I especially think that this is as insulting as anything else in the article:

A blurb from an Indian newspaper review of River of Gods admitted that it was pretty good for a foreigner, which brings up the question of whether or not any Indian science fiction writer has done anything nearly as good with the same cultural material


So, basically, he's not only giving instructions to privileged First World writers on how to get it right by immersing themselves in the cultures of other peoples, but questions whether or not these Third World people even have the ability to write about their own cultures in a way he considers on par with the way First Worlders do it.

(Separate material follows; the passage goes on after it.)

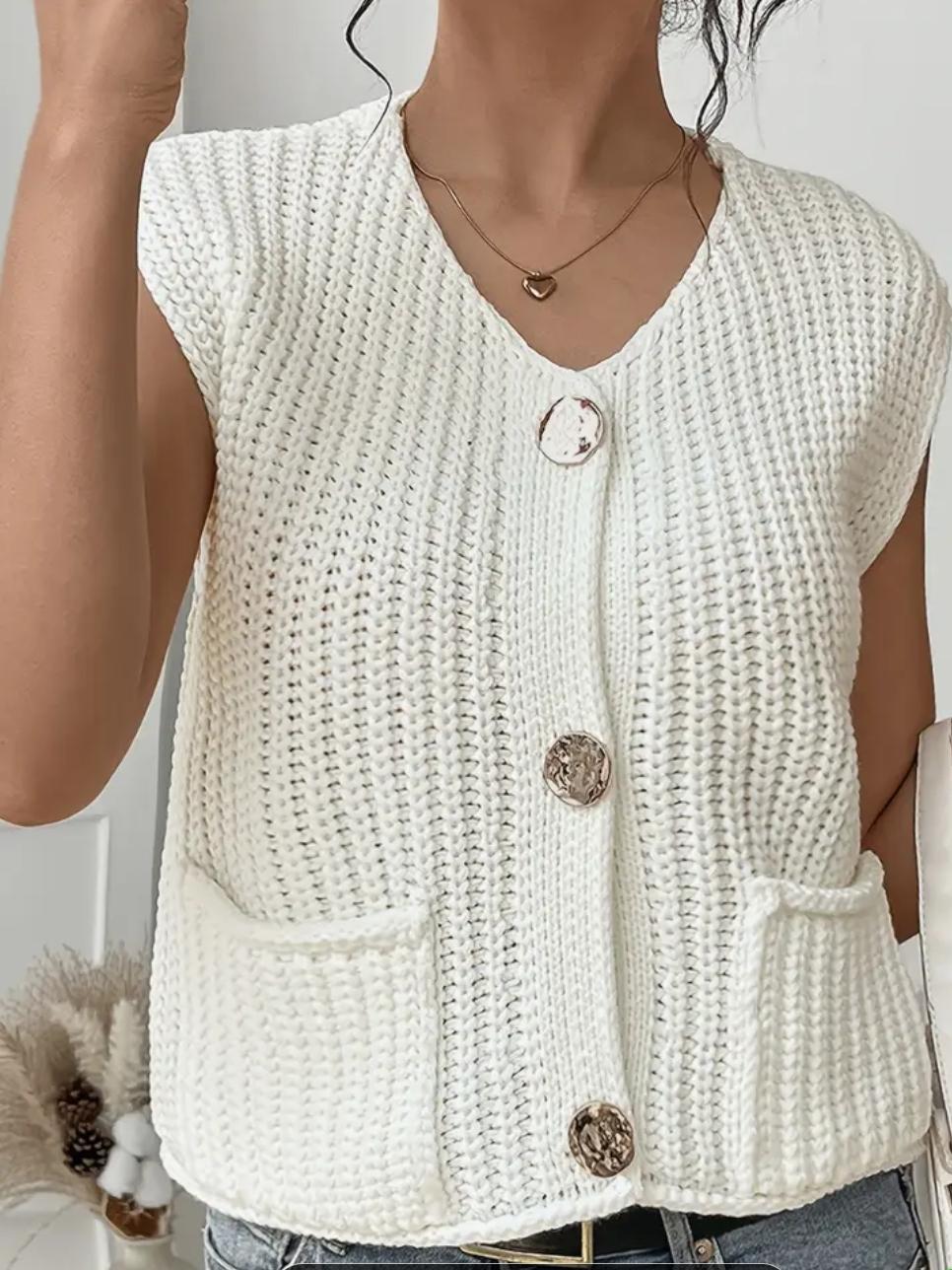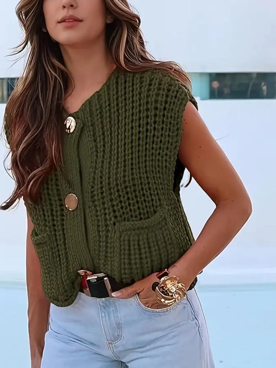 Gilet sans manche, très élégant avec ses boutons dorés.

He seems to believe that it is enough to research something very thoroughly and immerse yourself in another people's pop culture to create a wonderful work about "Other Third World culture" (his words, not mine). As though it is a simple matter of watching enough soap operas and soda commercials and Bollywood movies and there you go, you can create a completely credible, wonderful work about India that is better than any Indian could hope to write! Never mind that the foreign newspaper only said the book was "pretty good for a foreigner".

Never does he seem (in this article at least) to consider that this could be a tremendous problem or that the phrase "nearly as good" is not only subjective, but highly subject to being skewed by prejudice - by a privileged white person favoring another white person's views of a foreign culture than that culture's insider views.

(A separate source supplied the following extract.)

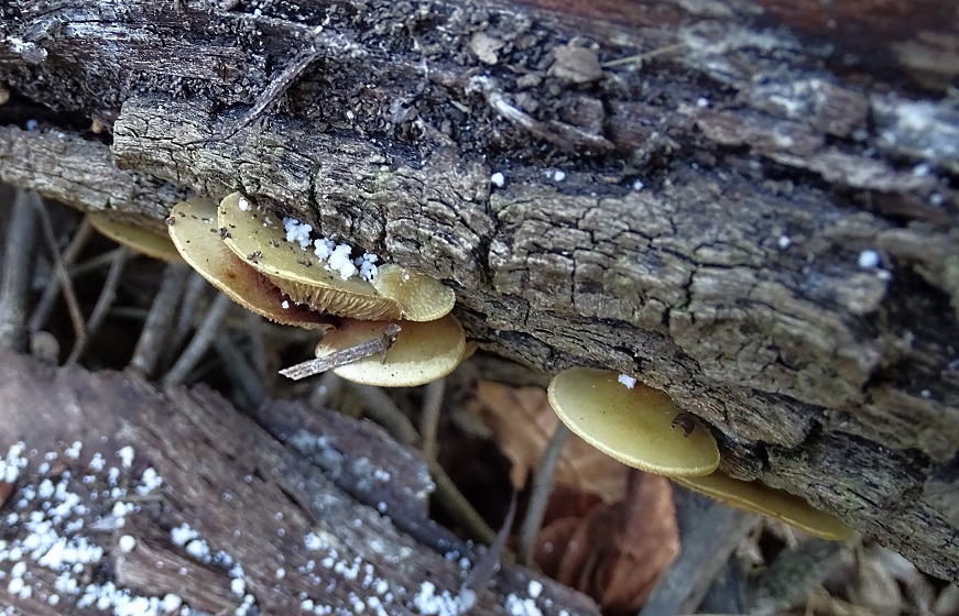 Oder du hast da noch deutliche, violettbraune Schuppen auf den Hüten. Dann wäre es Crepidotus calolepis.

I have the taste of rank, acrid fail in my mouth. It's very unpleasant, and it's neither original nor new. All of this looks, to my eyes, to be shades of Racefail all over again. The same tritely clueless things are coming up, the same things that were wrong when Elizabeth Bear said them in 2009 and are wrong a year and change later.

It is the same issue of people with privilege carrying on with their beliefs that, basically, things don't exist and are not valid unless they see them and validate them, that the world is centered around them and that what is significant, what is science-fictional, what is even real depends upon their authoritative declarations.

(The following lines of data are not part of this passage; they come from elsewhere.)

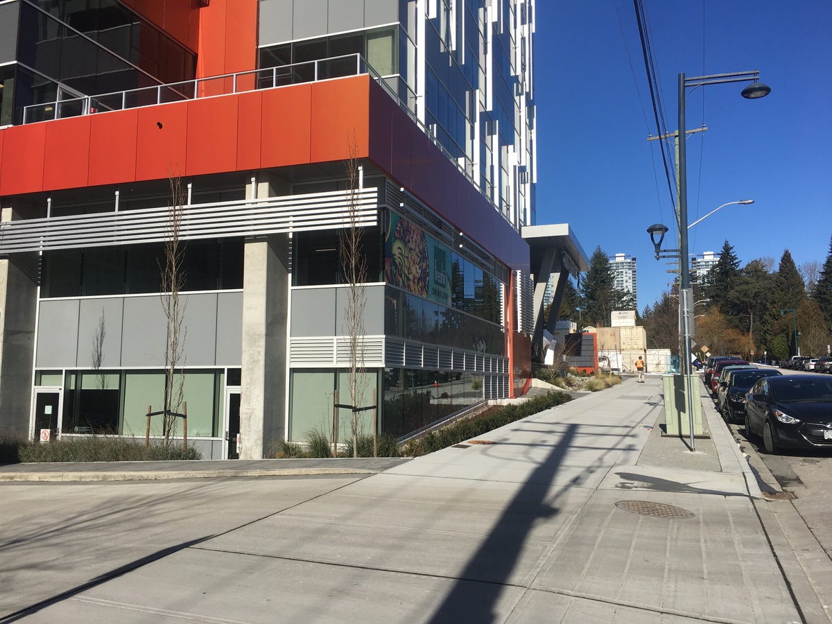Overall, CC2 is located in a dense area with many local amenities and services. To name a few, nearby amenities and services include access to the hospital, King George Skytrain Station and multiple bus stops within walking distance, businesses provided by CC1, a daycare (and a dog daycare), places of worship, many restaurants, Queen Elizabeth Secondary School, AHP Matthew Elementary, SFU, and other centres of learning, and Central City Shopping Centre. CC2 is fitted with extensive bike storage facilities and showers and provides EV charging stations for the convenience of occupants and visitors.
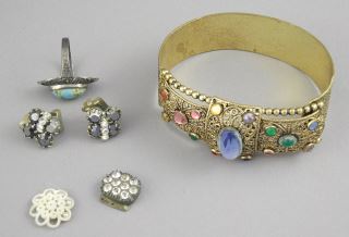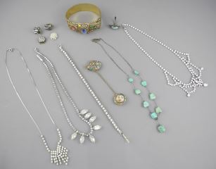 LOT 142 Collection of Costume Jewelry with Sulphide Clip/Turquoise Ring/ Rhinestones. Estimate: $60 - $120 Sold For: $40 Auction Date: Tuesday, October 28 2025 at 4:00 PM
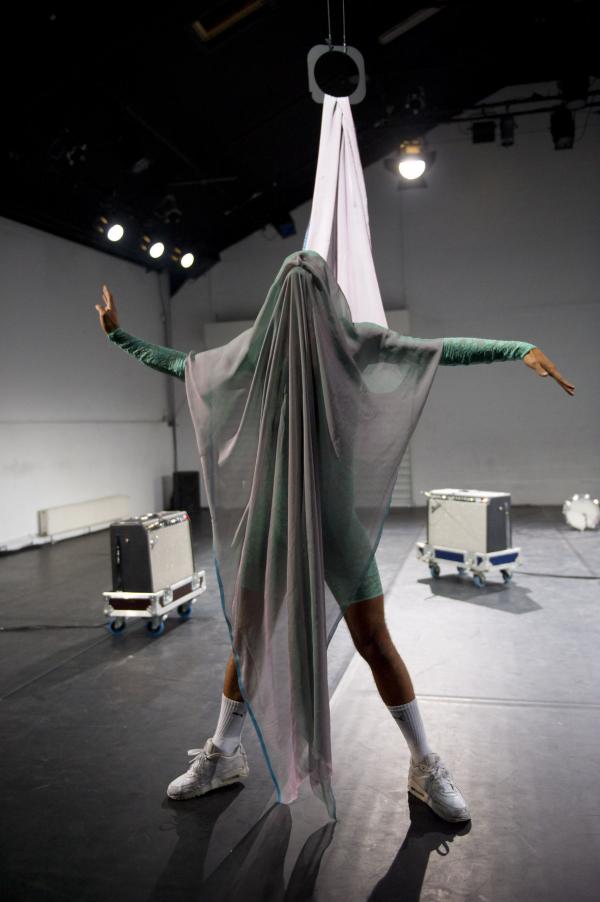 Il y a dans ce studio un côté laboratoire de création, d’humain en devenir, oscillant entre état naturel et silhouette noire, et nous sommes doucement éblouis par les flashs du stroboscope. Mais la simplicité règne, on est loin de la puissance déployée dans certains spectacles de Romeo Castellucci, par exemple. Ici, les images s’évaporent telle une fumée douce. God's First Creature offre une fusion d’Adam et de la lumière, les deux pouvant réclamer le titre de « première créature de dieu ». Le chant guttural de Schumacher, premier acte de don face au public, ressemble d’abord au son de l’univers (« aauuuummm ») pour traverser le temps et trouver des résonances contemporaines. Avec ces images répétitives, le manège tourne, mais la pièce aussi tourne en rond.
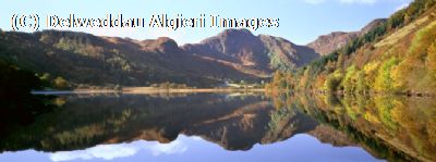 Gwydir forest Conwy Valley Snowdonia National Park Autumn Panoramic reflections lakes of North Wales
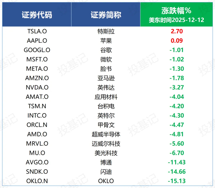 尤其这两天,美东时间12月12日,美股科技股除特斯拉、苹果外,几乎全线重挫,博通暴跌超-11%,甲骨文、台积电大跌超-4%,英伟达跌-3.27%。
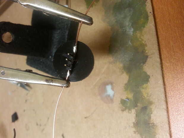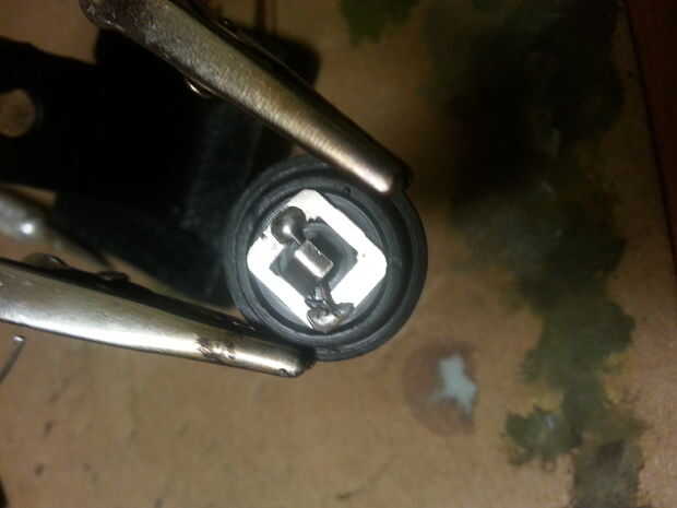 Entonces había soldado un cable a cada uno de los 2 pins externos para que le presiona contra los lados de la manija cuando la tapa esté en su lugar, brindando una sólida conexión a terminal negativo de la batería.
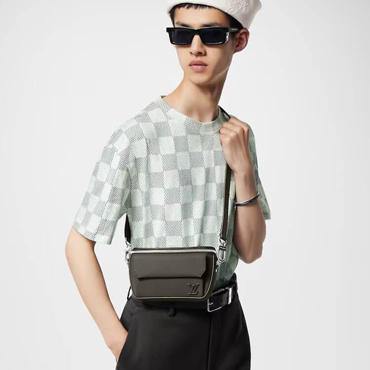 1:1 Mirror Quality Replica LV Pilot Wearable Wallet Style:M83560 20 x 12 x 5.5 cm (length x height x width ) Kaki Cowhide leather Cowhide-leather trim Textile lining Silver-color hardware Zip closure Outside flap pocket Strap : Removable, adjustable Strap Drop : 44.0 cm Strap Drop Max. : 55.0 cm
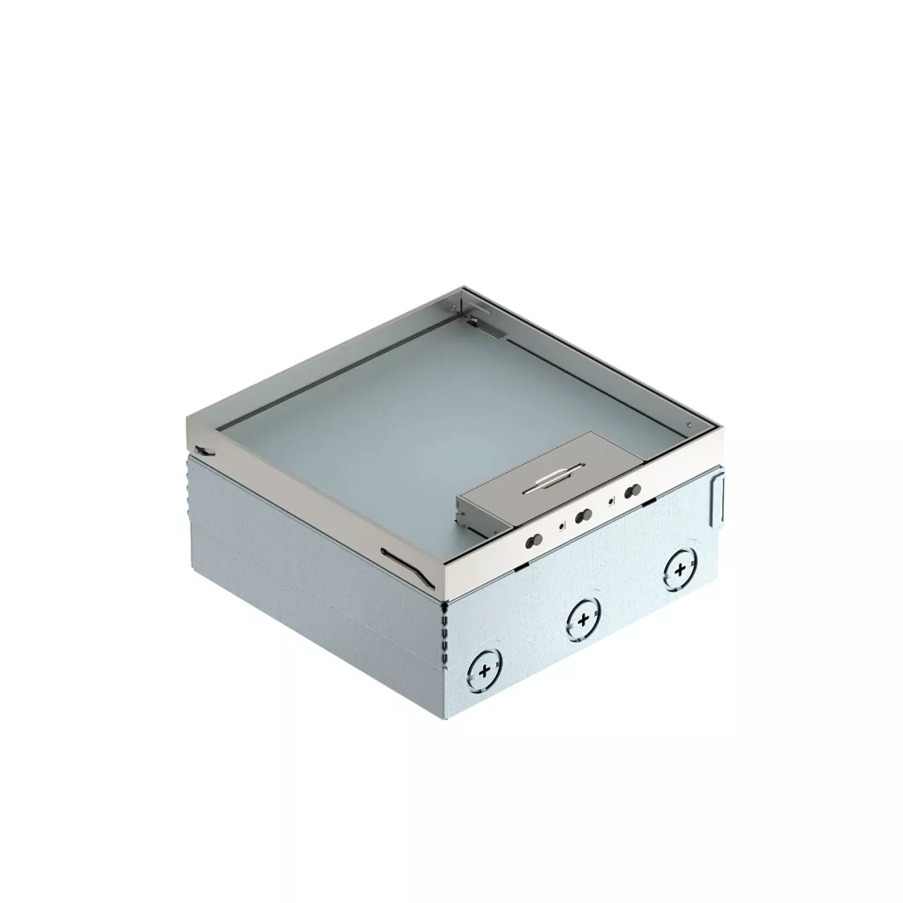 Kwadratowa kaseta zasilająca do montażu w podłogach technicznych i wylewkach czyszczonych na sucho. Obudowa z wejściami do wprowadzania peszli (M25). Pokrywa licowana do górnej krawędzi podłogi za pomocą 4 wsporników regulujących. Minimalna głębokość montażowa 95 mm, zakres regulacji + 30 mm.
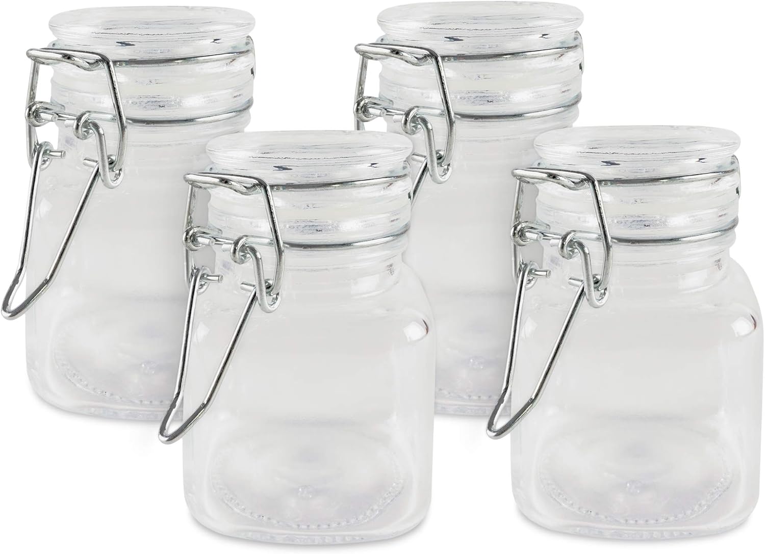 3 1/4" Square Glass 3oz Jar with Hinge Glass Lid for Home Kitchen, Arts & Crafts Projects, Decoration, Snack Foods and Sauces (4 Pack) by Super Z Outlet

It's the issue of these misjudgments and ignorances having consequences for the people they are laid upon.

It's when a major author like Lois McMaster Bujold declares that fans of color didn't exist until, apparently, the internet age, without realizing that such statements and beliefs are part and parcel of the reason that fans, writers, and creators of color haven't been recognized in this field or have been aversively turned away from it.

It's the same issue that Deepa D. addresses in "I Didn't Dream of Dragons" (link goes to Dreamwidth), which I consider to be a seminal work on the subject of appropriation and race and should be required reading in so many instances.

When a white, American person starts talking about the lack of this or the lack of that where it concerns non-white folks and non-American areas, the problem these days seems to be (by and large) that they aren't looking, don't want to look, and prefer a landscape where their assumptions that only white English-speakers are writing, reading, and participating is true.

Writers of speculative fiction of all kinds are out there in all parts of the world. In Nigeria, in South Korea, in Turkey, in Brazil, in all the many, many places where people tell stories. Maybe they don't come in forms that readily present themselves to Americans as speculative fiction. They exist, and you'll find them if you ever bother to take off the privilege goggles and look.

ETA: Paragraph got cut off. Fixed that.